Grúa eleva un contenedor con la bandera de Brasil (Foto: Instagram)
La Entidade señala que la reciente tarifa impuesta por los EUA intensifica los efectos negativos sobre las exportaciones de Brasil y subraya la urgencia de reactivar el diálogo entre ambos gobiernos. Según esta Entidade, la medida adoptada por la administración de los EUA no solo eleva los costos arancelarios de los productos procedentes de Brasil, sino que también agrava la competitividad de las empresas brasileñas en mercados clave. Por ello, la Entidade defiende que la pronta reanudación de las negociaciones podría ayudar a mitigar las repercusiones y restablecer un marco más estable para el comercio bilateral.
De acuerdo con la Entidade, las restricciones arancelarias de los EUA se suman a una serie de barreras que, desde años atrás, los exportadores de Brasil han venido enfrentando. Históricamente, Brasil ha buscado equilibrar su balanza comercial fomentando la diversificación de destinos y productos, pero las nuevas tarifas de los EUA complican esa estrategia. La Entidade recuerda que, en negociaciones previas, ambos gobiernos evaluaron mecanismos de cooperación para reducir tensiones, pero las conversaciones quedaron estancadas ante diferencias en políticas de subsidios, propiedad intelectual y normas de origen.
El impacto sobre las ventas brasileñas alcanza a distintos sectores industriales y agrícolas de Brasil. Según la Entidade, los fabricantes de bienes de capital y los productores de materias primas ven encarecidos sus envíos a los EUA, lo que disminuye su margen de maniobra para ajustar precios. A su vez, la sobrefacturación arancelaria provoca retrasos logísticos y eleva la incertidumbre en la planificación de exportaciones. Para empresas medianas y pequeñas de Brasil, estas barreras pueden traducirse en pérdidas de contratos y en la reducción de sus proyectos de expansión internacional.

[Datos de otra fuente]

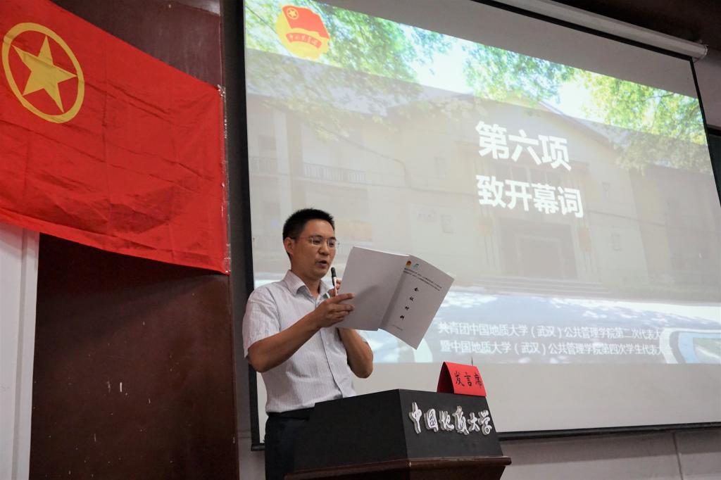 校团委副书记谭文伦代表校团委、校员工会致词,他向出席大会的全体代表及全院青年学子致以亲切的慰问和美好的祝愿,充分肯定了公司过去三年团学组织工作取得的成绩。他希望团学组织能够继续创新思路,帮助青年成长成才,开展更多新时代下符合青年特点的各种活动;希望团学干部能够胸怀梦想,更好锤炼作风,引领服务能力,谱写更加绚丽的青春华章。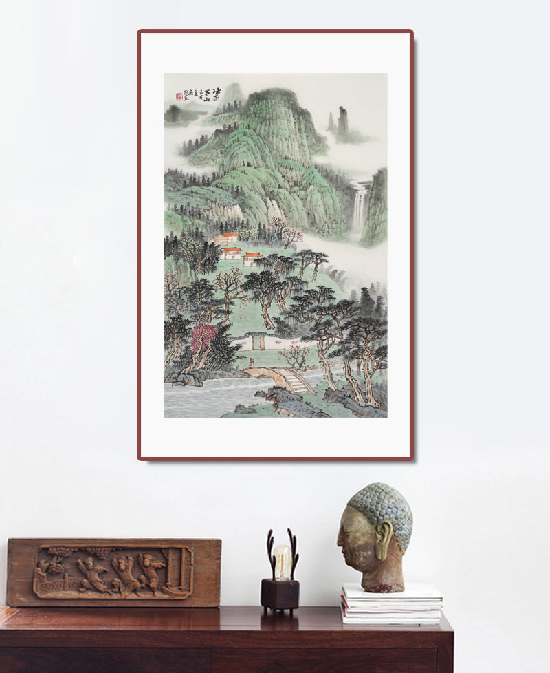 廖崧越 四尺三開《綠染家山》 廣西桂林美協會員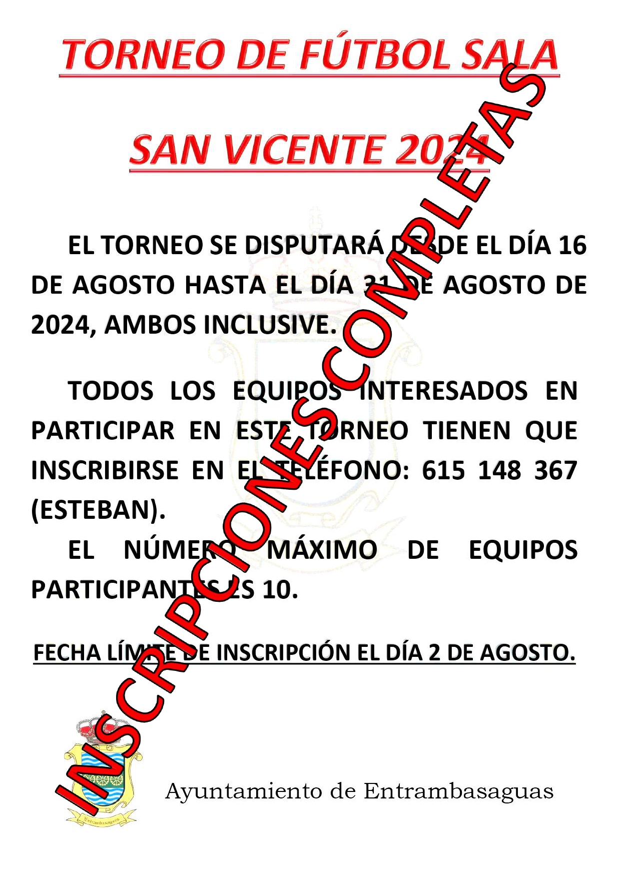 Torneo de Fútbol sala, San Vicente 2024. Inscripciones. / July 10, 2024 Enviado por Oscar el July 10, 2024 ÚLTIMO AVISO: CUPO MÁXIMO DE EQUIPOS ALCANZADO. INSCRIPCIONES COMPLETAS.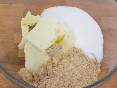 - In a separate bowl, using an electric mixer on medium, cream the butter and sugars together until pale and fluffy; about 5 minutes.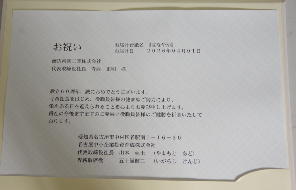 なお、この節目にあたり、お花や祝電をお送りいただきました皆様にも、心より御礼申し上げます。温かいお心遣いに、改めて感謝いたします。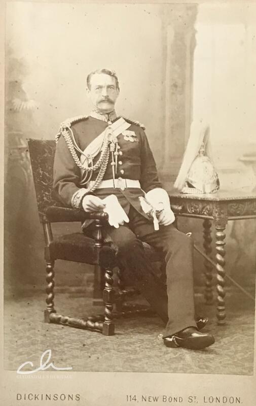 This photograph on the left shows Sir Simon MacDonald Lockhart (1849-1919), the 5th Baronet of Lee. He was a professional soldier, and served with the Life Guards, seeing action in Egypt in 1882 during the nationalist uprising against British/French control of the country, for which he was awarded the Egypt medal and Khedive Star, later becoming a Brigadier and a member of the Victorian Order, and Colonel of the Lanarkshire Imperial Yeomanry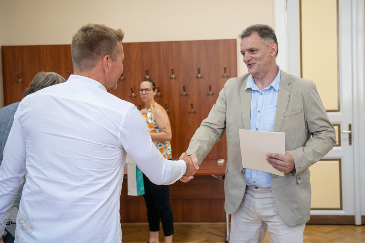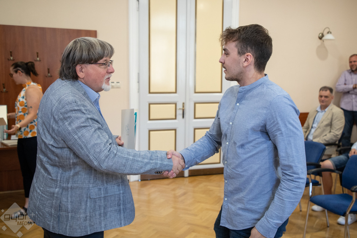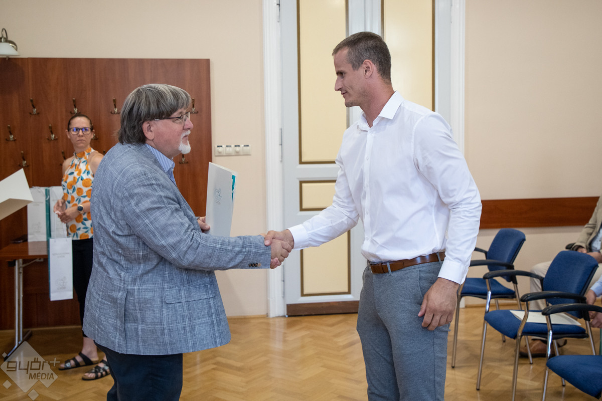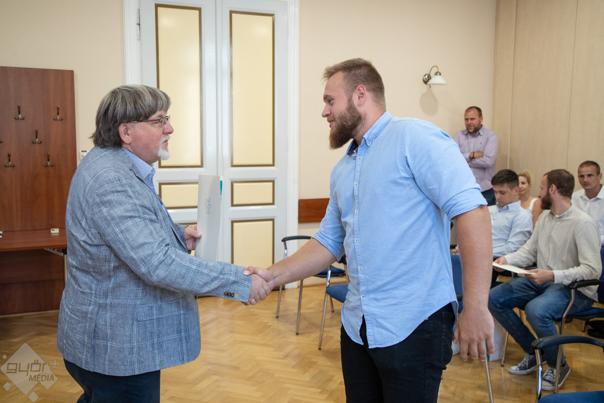 A Magyar Egyetemi-Főiskolai Országos Bajnokságon első helyezést elért Agrofeed ETO-UNI Győr férfi kézilabda csapatát köszöntötte pénteken a polgármester és a területet felügyelő alpolgármester. Dr. Dézsi Csaba András és Radnóti Ákos személyesen gratuláltak a gárdának és adták át a város ajándékcsomagját a sportolóknak és vezetőiknek. A polgármester kiemelte, ezek a fiatal sportolók a többi fiatal számára lehetnek példaképek, amellett, hogy Győrnek is komoly büszkeséget szereztek.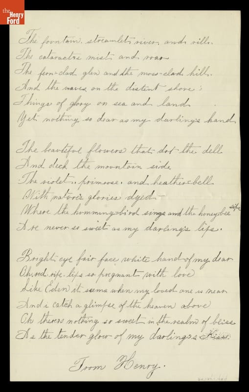 Poem, Written by Henry Ford for Clara Bryant, 1886-1888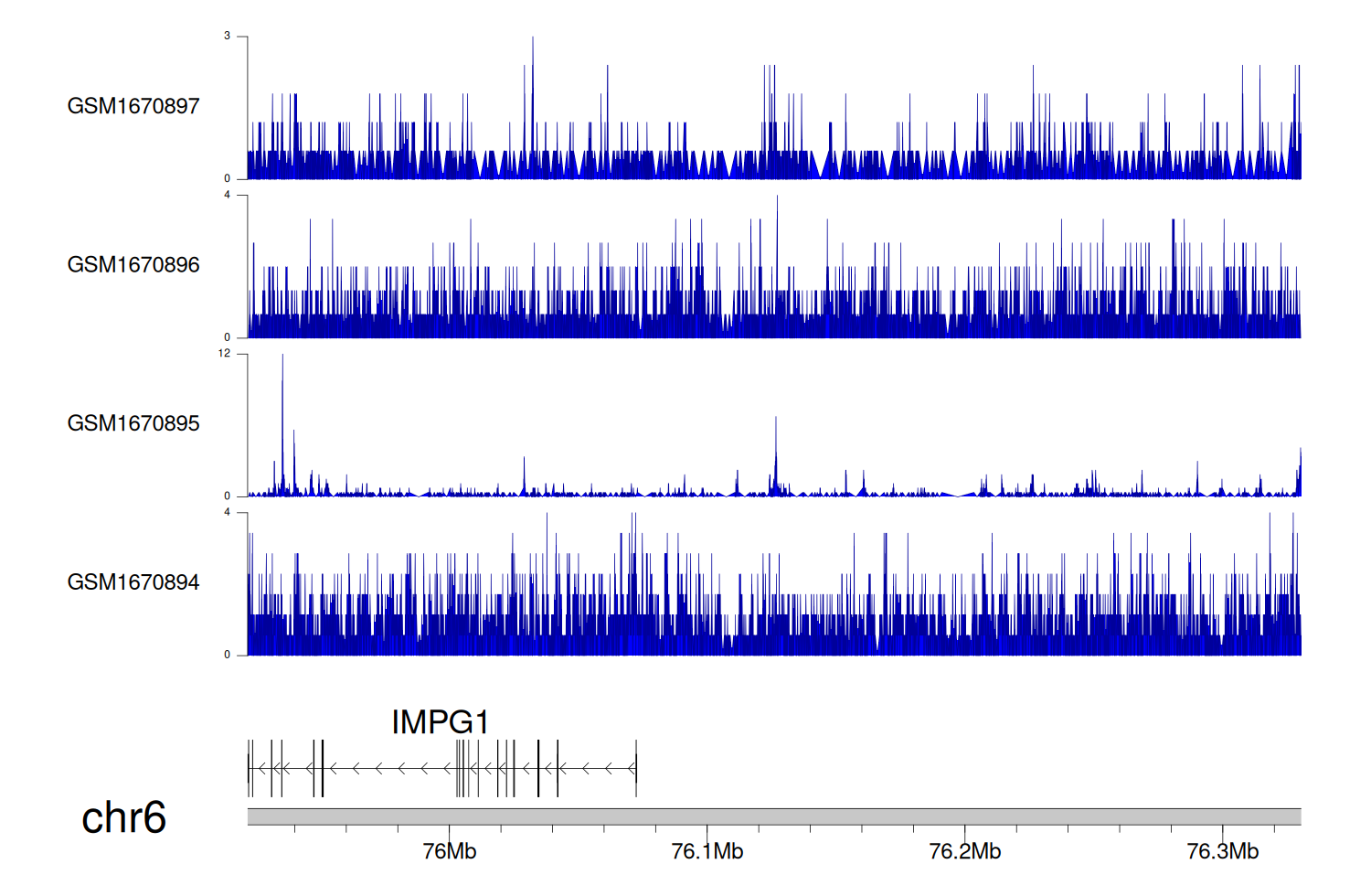 > Dataset: GSE68402 - IMPG1 peak across samples

La Entidade apunta que las negociaciones entre Brasil y los EUA cuentan con antecedentes de acuerdos parciales centrados en sectores específicos, como el aluminio o el etanol. Sin embargo, los diálogos avanzaron de forma intermitente y, en algunas ocasiones, quedaron paralizados por tensiones en otros ámbitos, como la agricultura y la política ambiental. En ese contexto, la Entidade sostiene que un nuevo foro de discusión, con equipos técnicos y con la participación de representantes de empresas brasileñas y estadounidenses, sería clave para retomar la confianza mutua.
En su pronunciamiento, la Entidade propone que ambas partes consideren la aplicación de cláusulas de salvaguardia y mecanismos de revisión periódica de las tarifas, con el fin de reaccionar ágilmente a posibles cambios en la economía global. Asimismo, plantea la incorporación de espacios de cooperación regulatoria para armonizar estándares sanitarios y fitosanitarios, garantizando así que los productos brasileños cumplan sin trabas injustificadas las normativas de los EUA. Para la Entidade, estos puntos de encuentro contribuirían a restablecer la predictibilidad y reducir la carga administrativa para los exportadores de Brasil.
Por último, la Entidade insiste en la necesidad de que Brasil y los EUA vuelvan cuanto antes a la mesa de negociación. A su juicio, el restablecimiento de un diálogo estructurado no solo aliviaría los efectos de la nueva tarifa de los EUA, sino que también abriría puertas a un mayor flujo comercial y a una cooperación más estrecha en sectores estratégicos. En definitiva, la Entidade defiende que la cooperación y el entendimiento deben prevalecer para proteger las ventas brasileñas y consolidar una relación bilateral beneficiosa para ambas economías.